Laurent Morisseau : Bonjour Florent, Bonjour à tous.

Expérience et Perspectives de Laurent Morisseau sur les OKRs

Florent Lothon : Depuis que tu exerces ton métier de consultant, j'imagine que t'as rencontré beaucoup d'entreprises de différentes tailles, cultures, secteurs. Est-ce que tu peux nous en dire plus ? Est-ce que tu les as comptées ?

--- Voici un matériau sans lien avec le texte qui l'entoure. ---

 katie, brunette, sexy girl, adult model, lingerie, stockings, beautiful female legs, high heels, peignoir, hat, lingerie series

Laurent Morisseau : Alors, je les ai pas comptées. Déjà, juste pour me situer, ça fait quinze ans que je suis à mon compte et que j'interviens comme coach agile, d'abord au niveau des équipes et puis de plus en plus vers l'organisation. Avant les OKR, ça faisait partie de ma boîte à outils. Mais depuis quelques années, c'est devenu un métier à part entière. Je suis coach OKR. En tant que coach OKR, je suis intervenu dans des contextes très différents, de la startup jusqu'au grand compte, et dans des entreprises de secteurs très variés, pas seulement dans le digital ou l'agile. Les missions sont beaucoup plus diversifiées qu'avec l'agilité.

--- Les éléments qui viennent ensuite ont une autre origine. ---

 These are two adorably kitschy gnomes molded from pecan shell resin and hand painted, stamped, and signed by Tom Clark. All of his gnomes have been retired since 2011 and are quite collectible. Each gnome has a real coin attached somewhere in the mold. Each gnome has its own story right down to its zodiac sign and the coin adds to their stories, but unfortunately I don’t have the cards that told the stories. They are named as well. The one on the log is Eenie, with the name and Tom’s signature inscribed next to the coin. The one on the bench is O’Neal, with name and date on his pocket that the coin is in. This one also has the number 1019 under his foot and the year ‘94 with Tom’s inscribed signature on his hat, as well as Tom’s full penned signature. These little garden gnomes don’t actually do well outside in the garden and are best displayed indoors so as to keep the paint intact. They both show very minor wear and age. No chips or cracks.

Comment les OKRs Résolvent les Problèmes d'Exécution Stratégique ?

Florent Lothon : Et du coup, pour commencer à rentrer dans le vif du sujet, est-ce que tu peux nous dire quelle est la principale problématique que la méthode OKR aide à résoudre dans les entreprises ?

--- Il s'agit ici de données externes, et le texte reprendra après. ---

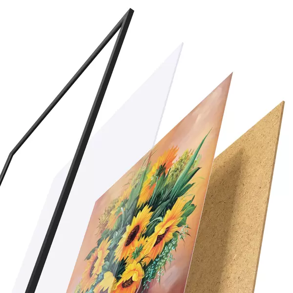 Plakāts sastāv no rāmja, pleksstikla, iespiestā attēla un skaidu plātnes pamatnes. Plakātu var uzreiz piekarināt pie sienas, pateicoties aizmugurē esošajiem stiprinājumiem.

Laurent Morisseau : Ouais, c'est pas simple, parce que sur les OKR, il n'y a pas de définition très claire. Ça aide à se focaliser sur l'essentiel, à prioriser, à filtrer. Mais au-delà de ça, ça résout quel problème ? Moi, j'ai l'habitude, et je ne suis pas le seul, de positionner les OKR comme un outil d'exécution de la stratégie. Dès que la stratégie est apparue, l'exécution de la stratégie est devenue un problème. On a cherché à résoudre ce problème, et c'est toujours une difficulté. Les OKR interviennent dans ce cadre d'exécution de la stratégie. Notamment, quand on fait des enquêtes, le problème le plus récurrent, c'est l'alignement : s'assurer que les décisions prises par les stratèges correspondent aux actions réalisées par les collaborateurs sur le terrain. Les OKR cherchent à résoudre ce problème d'alignement. C'est revenu à la mode parce que la stratégie doit être adaptative aujourd'hui, se confronter à la réalité et s'adapter au contexte changeant. Les OKR sont bien adaptés à cette dynamique.

Les Limites des Méthodes Traditionnelles de Gestion d'Objectifs

Florent Lothon : Ok, très bien. Et justement, avant les OKR ou à défaut des OKR, quelles sont les solutions les plus couramment adoptées pour répondre à cette problématique ? Et quelles sont les limites de ces solutions ?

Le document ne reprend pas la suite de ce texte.